AI Disclosure in Pull Requests
If any part of a pull request was produced with AI assistance — code, tests, documentation, or commit messages — that must be stated in the PR description. This is required, not optional.
When the maintainer needs to examine something closely or trace the origin of a bug, knowing whether code reflects personal expertise or came out of an LLM prompt matters. They are not equivalent. The level of scrutiny applied to a contribution, and the trust extended to a contributor over time, both depend on that distinction.
Honesty about the extent of AI involvement is looked upon well here. If you used an LLM extensively and are not certain about every detail, say so. That candor is valued. What is not acceptable is presenting AI-generated work as though it is entirely the product of your own understanding when it is not.
The PR template has a dedicated section for this. It is required.
Steering Output Toward Project Standards
One practical challenge when working with LLMs is consistency. Asking a model to follow coding conventions reliably is difficult. Documentation and instruction files can help, but the model treats them as context rather than strict rules.
This project takes a different approach: encode patterns as enforceable rules.
The codebase uses custom ESLint rules that express project standards programmatically. When generated code violates a pattern, the linter catches it. This creates a feedback loop where output is steered toward acceptance criteria mechanically rather than statistically.
I find this approach powerful. It shifts effort from reviewing every stylistic detail to defining rules once and enforcing them everywhere. Time spent writing those rules pays dividends across every future contribution, whether human or machine.
What to Expect
Because of this workflow, the origins of code in this repository vary. Some portions were written entirely by hand. Some were generated by LLMs and then reviewed. Others emerged through iterative collaboration.
All of it is held to the same standard. The origin of a line of code matters less than whether it is correct, maintainable, and consistent with the project's goals.
Closing Thoughts
Working with LLMs has gradually changed how I think about software development.
Since the emergence of the more modern LLMs, I have come to think of them as something like the digital materialization of the collective human mind, a raw material akin to mud or clay.

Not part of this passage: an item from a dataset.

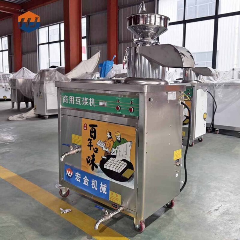 This machine is designed for small-batch soymilk production with a compact footprint, making it ideal for small-scale tofu and soy product workshops or dining establishments、 The process is simple and efficient: soybeans are manually added to the grinder, while water is dispensed through a faucet、 The freshly ground soymilk is then directly transferred to the cooking barrel for boiling、 With a streamlined design, the entire operation can be managed by a single operator, offering convenience and efficiency for small production settings.

What they produce feels less like a finished artifact and more like raw material. Clay is abundant, flexible, and easy to shape. But raw clay alone does not produce fine ceramics. What matters is the craft applied to it: the shaping, the firing temperature, the glazing technique, the patience of the potter.
Software generated with LLMs behaves similarly. The raw material suddenly becomes abundant. Ideas, fragments of logic, and structural patterns appear quickly. But abundance does not imply quality. Clay is everywhere; fine porcelain is not.
Quality still comes from judgment and craft. What we build with this material depends on the potter.